JohnE JohnE - 2 months ago 7x
Python Question

Fastest way to numerically process 2d-array: dataframe vs series vs array vs numba

Edit to add: I don't think the numba benchmarks are fair, notes below

I'm trying to benchmark different approaches to numerically processing data for the following use case:

  1. Fairly big dataset (100,000+ records)

  2. 100+ lines of fairly simple code (z = x + y)

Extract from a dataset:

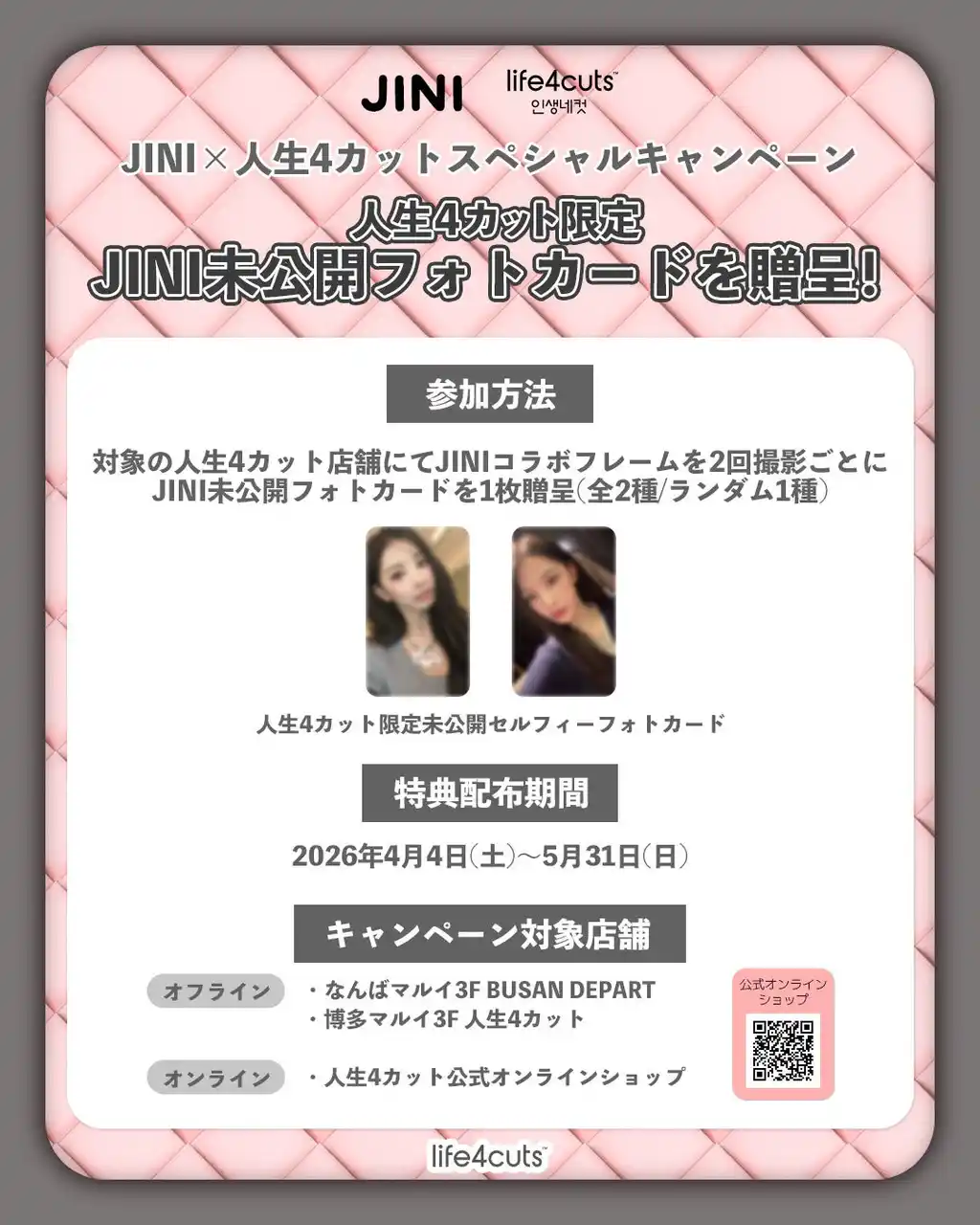 PROJECT(本社:福岡県北九州市)が運営する韓国発のセルフフォトブランド「人生4カット」は、ソロアーティストJINIとのコラボレーションフレームを発表いたしました。 本企画は、2026年4月5日(日)に京セラドーム大阪にて開催される「関西コレクション」へのJINI出演を記念して実施される特別コラボレーションです 本コラボレーションでは、JINIの魅力やアーティスティックな世界観を反映した限定デザインの撮影フレームを展開。 まるで本人と一緒に撮影しているかのような特別な体験をお楽しみいただける、ファン必見のコンテンツとなっています。 対象店舗、オンラインショップにて本コラボフレームを2回撮影(購入)いただいた方には、JINIのフォトカードを1枚プレゼントいたします。 さらに、コラボを記念したSNSキャンペーンも実施し、JINI直筆サイン入りチェキおよび直筆サイン入り人生4カットフレームを抽選でプレゼントいたします。 この機会に、JINIとの特別な思い出を「人生4カット」でぜひお楽しみください。 |

  3. Don't need to sort or index

In other words, the full generality of series and dataframes is not needed, although they are included here b/c they are still convenient ways to encapsulate the data and there is often pre- or post-processing that does require the generality of pandas over numpy arrays.

Question: Based on this use case, are the following benchmarks appropriate and if not, how can I improve them?

# importing pandas, numpy, Series, DataFrame in standard way
from numba import jit
nobs = 10000
nlines = 100

def proc_df():
df = DataFrame({ 'x': np.random.randn(nobs),
'y': np.random.randn(nobs) })
for i in range(nlines):
df['z'] = df.x + df.y
return df.z

def proc_ser():
x = Series(np.random.randn(nobs))
y = Series(np.random.randn(nobs))
for i in range(nlines):
z = x + y
return z

def proc_arr():
x = np.random.randn(nobs)
y = np.random.randn(nobs)
for i in range(nlines):
z = x + y
return z

def proc_numba():
xx = np.random.randn(nobs)
yy = np.random.randn(nobs)
zz = np.zeros(nobs)
for j in range(nobs):
x, y = xx[j], yy[j]
for i in range(nlines):
z = x + y
zz[j] = z
return zz

Results (Win 7, 3 year old Xeon workstation (quad-core). Standard and recent anaconda distribution or very close.)

In [1251]: %timeit proc_df()
10 loops, best of 3: 46.6 ms per loop

In [1252]: %timeit proc_ser()
100 loops, best of 3: 15.8 ms per loop

In [1253]: %timeit proc_arr()
100 loops, best of 3: 2.02 ms per loop

In [1254]: %timeit proc_numba()
1000 loops, best of 3: 1.04 ms per loop # may not be valid result (see note below)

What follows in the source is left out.